Carla y Gustavo quedan solos sentados en el sillón. Se miran. Carla desvía la mirada. Los dos a la vez comienzan a hablar. Los dos a la vez callan. Los dos a la vez ríen.

- Disculpame, ¿que me ibas a decir?

- Te preguntaba si hace mucho que se conocen con Claudio.

- Millones de años. Creo que empezamos a gatear juntos. Somos como hermanos.

- Qué bien...

- ¿ Y vos, sos mayor o menor que Ana?

- ¿Qué parezco?

- Melliza.

Ríen.

- Soy la mayor. Dos años más.

- Me contó Claudio que vivís en Nueva York.

- Sobrevivo. Mi marido acaba de morir.

- Sí, lo sé.

- Trabajábamos juntos.

Claudio y Ana ingresan trayendo una gran bandeja a cuatro manos con vasos largos, maníes, papas fritas, una hielera, botellas de Cinzano, Martini, Gin, canapés. Y también traen consigo otra atmósfera. Apoyan cuidadosamente la bandeja sobre una mesa baja que está ubicada entre los sillones, mientras bromean. Claudio va hacia el equipo de música y pone un C.D. de Dexter Gordon.

La conversación que mantienen es variada. Saltan de un tema a otro. Si viéramos la escena a través de la ventana, distinguiríamos movimientos de brazos, piernas que se cruzan y se descruzan, sonrisas, algún cuerpo poniéndose de pie y volviéndose a sentar, una salida, una entrada fugaz, alguna llama de encendedor prendiendo un cigarrillo. Y el enorme esfuerzo de Carla por adaptarse a este ritmo, a esta cadencia. De pronto, como un acorde disonante irrumpiendo en una melodía armónica, apoya su espalda en el respaldo del sillón emitiendo un sonido de dolor.
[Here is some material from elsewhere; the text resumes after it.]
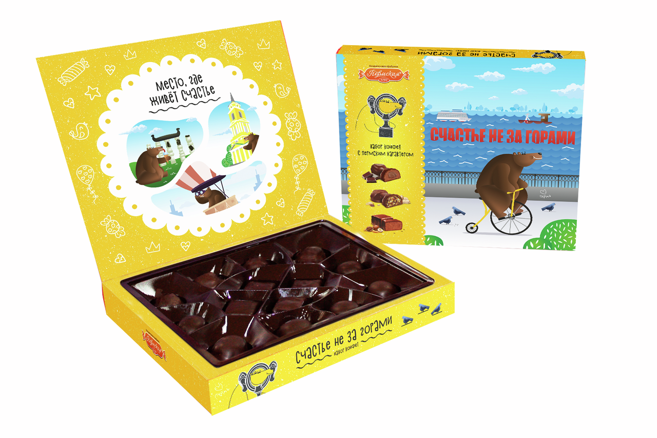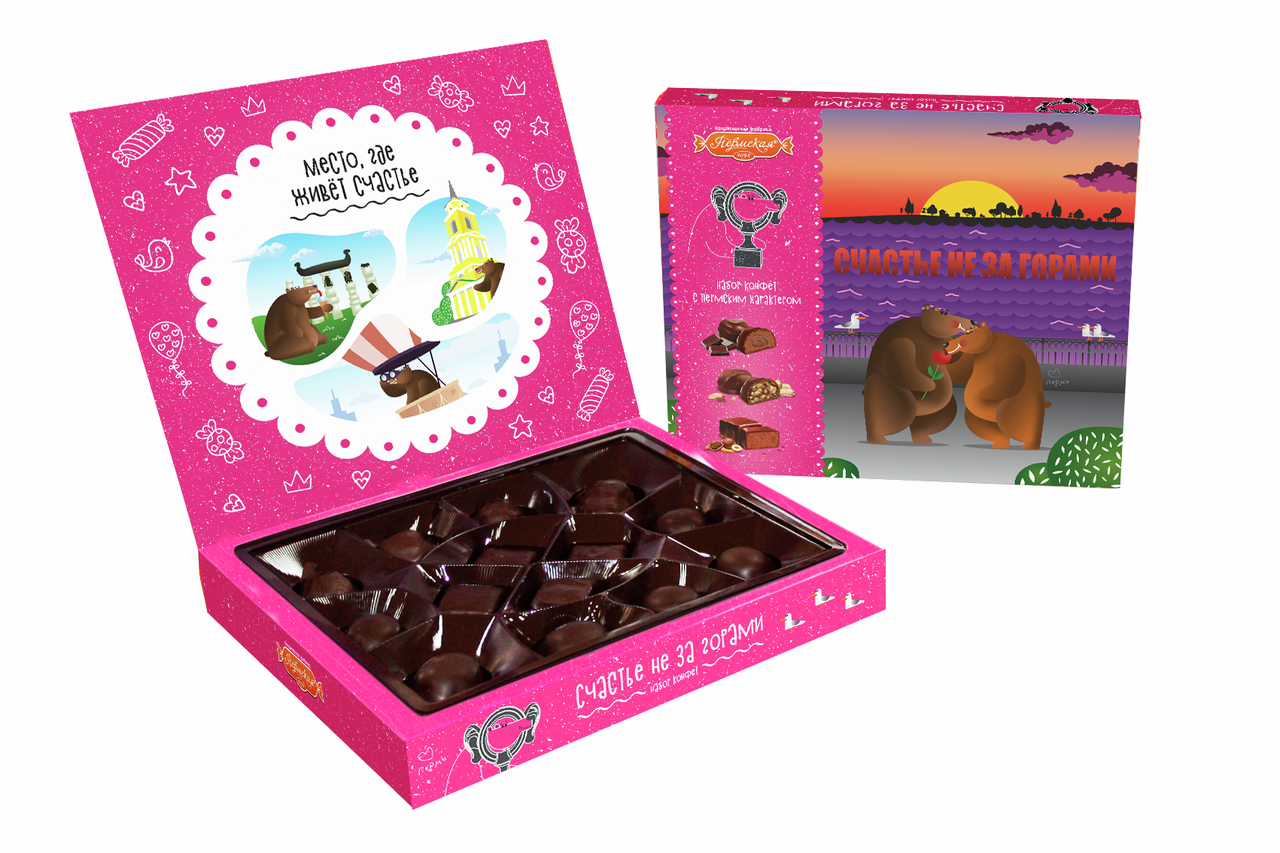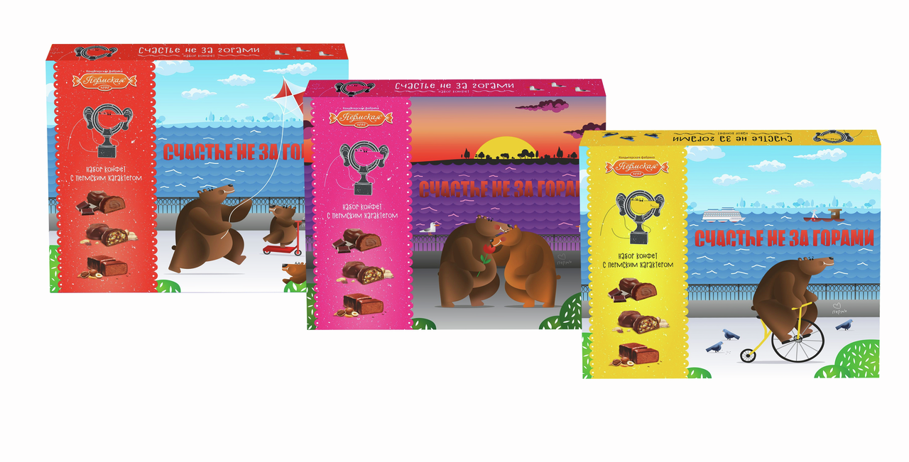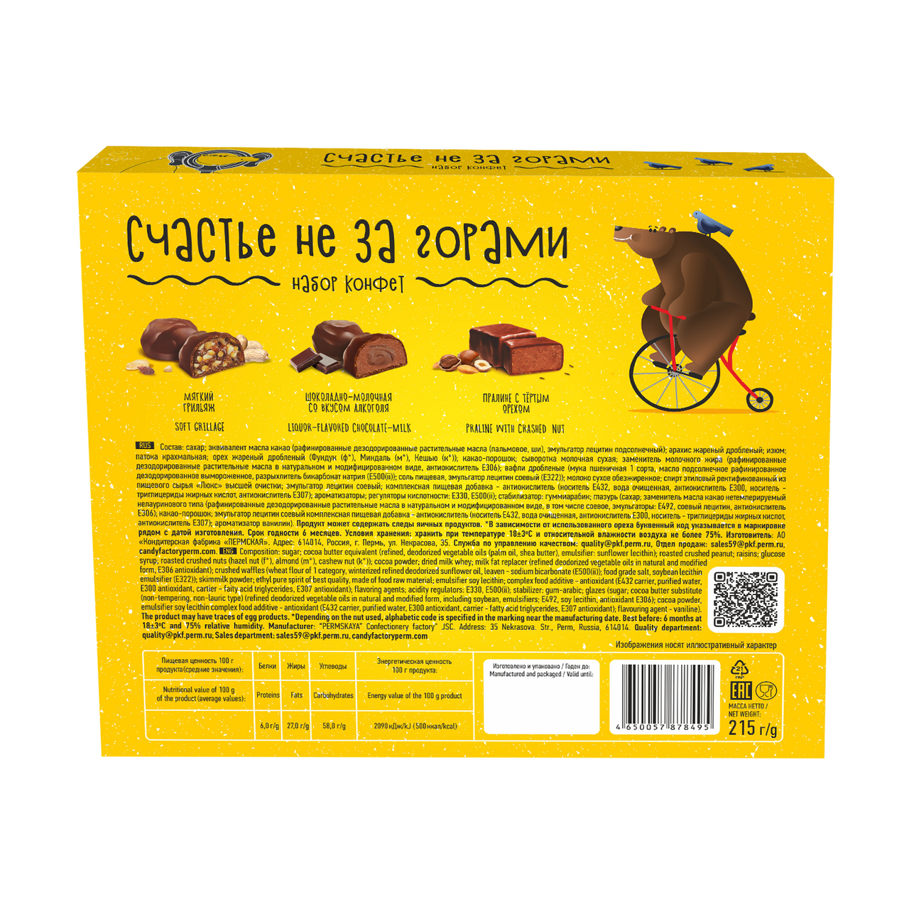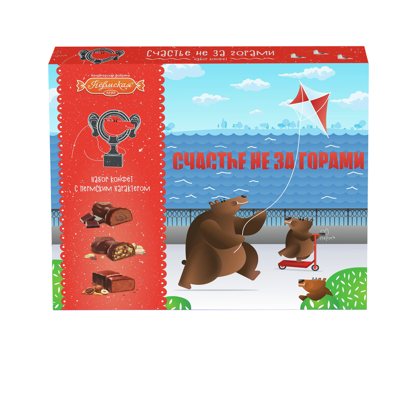 Включает в себя 3 вида конфет: глазированный мягкий грильяж из жареного арахиса с сочным изюмом; классическое пралине с добавлением дробленого фундука; сливочная помадная конфета с кремовой начинкой. Счастье не за горами – самая узнаваемая надпись, которая ассоциируется с Пермью у многих жителей России.

- No puedo seguir adelante, Ana. No puedo.

- Tranquila, Carla. No te preocupes, dice su hermana suavemente. No te esfuerces. Sólo quiero que estés bien y que puedas disfrutar de un lindo momento.

- Sí, lo sé y te agradezco, dice inclinando la cabeza y dejando caer los brazos. Pero no puedo.

Claudio se pone de pie y va hacia el aparador para apagar la música.

- Quisiera que Miguel estuviera sentado entre nosotros, acá, junto a mí. Que pudiera prepararle un trago, pasar mi brazo por detrás de su cuello, acariciarle la nuca. Oírlo reír. Su voz... Dios mío. ¿Dónde está su voz?

- Carla, mi amor... , dice Ana.

Carla observa tristemente a Gustavo y a Claudio y se disculpa.

- No te preocupes por nosotros, dice Claudio.

- No voy a poder volver amar a ningún hombre, Gustavo, lo siento.

- No se trata de eso, Carla, dice Ana cubriéndose la cara con las manos.

Nadie más habla. Tampoco se miran. La imagen se congela como si hubiera recibido un piedrazo a través la ventana. Unos segundos más tarde, Carla quiebra esa estática imagen desarmando su cuerpo, dejándolo caer en una lenta coreografía hasta llegar al suelo, y abrazándose a su vientre, se acurruca.

- No sé qué hacer con su tristeza, dice Ana. No sé qué hacer...

Gustavo se acerca lentamente a Carla y poniéndose en cuclillas le acaricia el cabello.

- Qué lindo pelo tenés, Carla. Es muy hermoso, dice tiernamente.